Bislang war unklar, ob und wie SARS-CoV-2 ins Gehirn gelangt und sich dort vermehren kann. Eine Studie zeigt jetzt: Nicht das Virus, sondern die Immunantwort des Körpers ist für Veränderungen im Gehirn verantwortlich.
Für die Studie wurden 43 mit SARS-CoV-2-infizierte Verstorbene untersucht. Geleitet wurde sie von Prof. Dr. Markus Glatzel, Direktor des Instituts für Neuropathologie des Universitätsklinikums Hamburg-Eppendorf (UKE). Die Ergebnisse des Forscherteams wurden jetzt in einem Artikel von The Lancet Neurology veröffentlicht.
Bei rund der Hälfte der untersuchten verstorbenen Patientinnen und Patienten (21 von 43) haben die Forschenden den SARS-CoV-2-Erreger im Gehirn entdeckt. Virusproteine konnten sowohl im Hirnstamm als auch in Nerven, die aus dem Hirnstamm entspringen, nachgewiesen werden. Die Virusmengen waren jedoch sehr gering und die Gehirne von Patienten mit den höchsten Virusmengen zeigten nicht mehr Veränderungen als solche, in denen kein Virus gefunden werden konnte. Das Forscher-Team konnte aber eine Immunreaktion in den Gehirnen der verstorbenen COVID-19-Patienten nachweisen. Die Forschenden schließen daraus, dass Entzündungszellen im Gehirn an der Entstehung der neurologischen Symptome beteiligt sein könnten.
„Neben Komplikationen in Lunge, Herz und Nieren kann es bei COVID-19 auch zu neurologischen Symptomen kommen. Diese weisen ein breites Spektrum auf und reichen von diffusen Beschwerden milder Ausprägung bis hin zu schweren Schlaganfällen. Bislang war aber noch unklar, ob und wie der Erreger ins Gehirn gelangt und sich dort auch vermehren kann.

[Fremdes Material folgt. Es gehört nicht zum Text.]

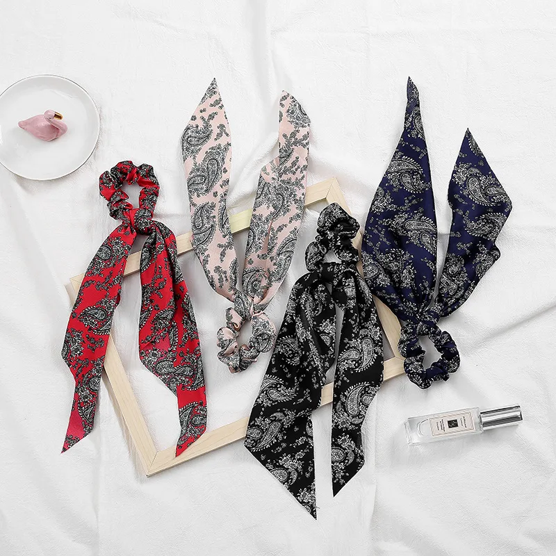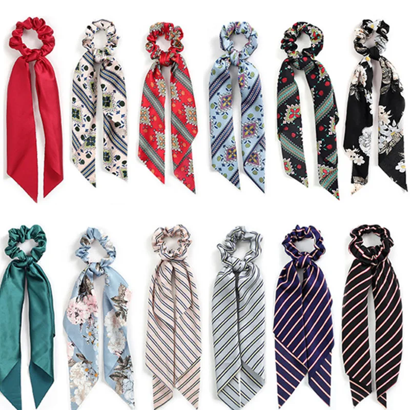 Женская атласная резинка для волос, Длинная лента с бантом и принтом, аксессуар для волос, 2021
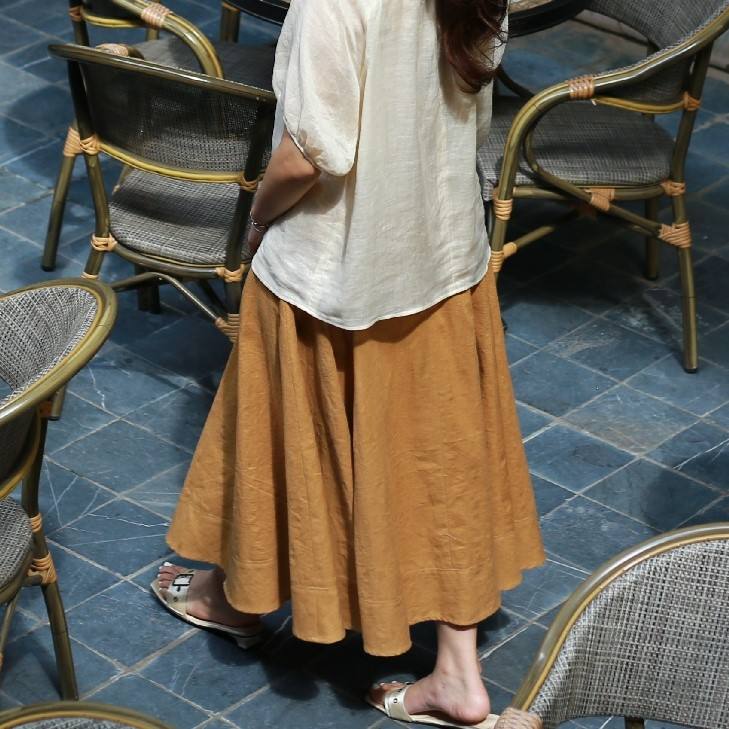 Women's Casual Rayon Satin A-Line Midi Skirt High-Waist Pleated Pocket Liner Decor High Visibility Breathable Natural Printed

Wir konnten nun zeigen, dass nicht das neuartige Coronavirus selbst das Gehirn schädigt, sondern die neurologischen Symptome vermutlich eine indirekte Folge der Virusinfektion sind“, sagt Prof. Dr. Markus Glatzel, Direktor des Instituts für Neuropathologie des UKE.
„Besonders interessant war der deutliche Virusnachweis in einzelnen Zellen und Nerven, der auf eine lokalisierte Vermehrung und Beeinträchtigung spezifischer Gehirnfunktionen hindeutet“, sagt Prof. Dr. Martin Aepfelbacher, Direktor des Instituts für Medizinische Mikrobiologie, Virologie und Hygiene des UKE und Co-Autor der Studie.
Die für die Studie untersuchten verstorbenen Patientinnen und Patienten (16 Frauen, 27 Männer) waren im Mittel 76 Jahre alt. Die Patientenkohorte repräsentiert mit ihren altersgerechten Vorerkrankungen typische COVID-19-Patienten in Deutschland.
„Üblicherweise zeigen COVID-19-Patientinnen und -Patienten vor allem im Blut eine deutlich veränderte Immunantwort. Wir konnten jetzt auch im Gehirn eine klare Entzündungsreaktion nachweisen, was in diesem Ausmaß nicht bekannt war“, sagt Prof. Dr. Marco Prinz, Ärztlicher Direktor des Instituts für Neuropathologie am Universitätsklinikum Freiburg und Co-Autor der Studie.
Weitere Untersuchungen zur Aufklärung der Ursachen neurologischer Symptome bei COVID-19 sind notwendig, um Behandlungsmöglichkeiten für Patientinnen und Patienten mit schweren neurologischen Symptomen zu entwickeln.
Dieser Text basiert auf einer Pressemitteilung des Universitätsklinikum Hamburg-Eppendorf (UKE).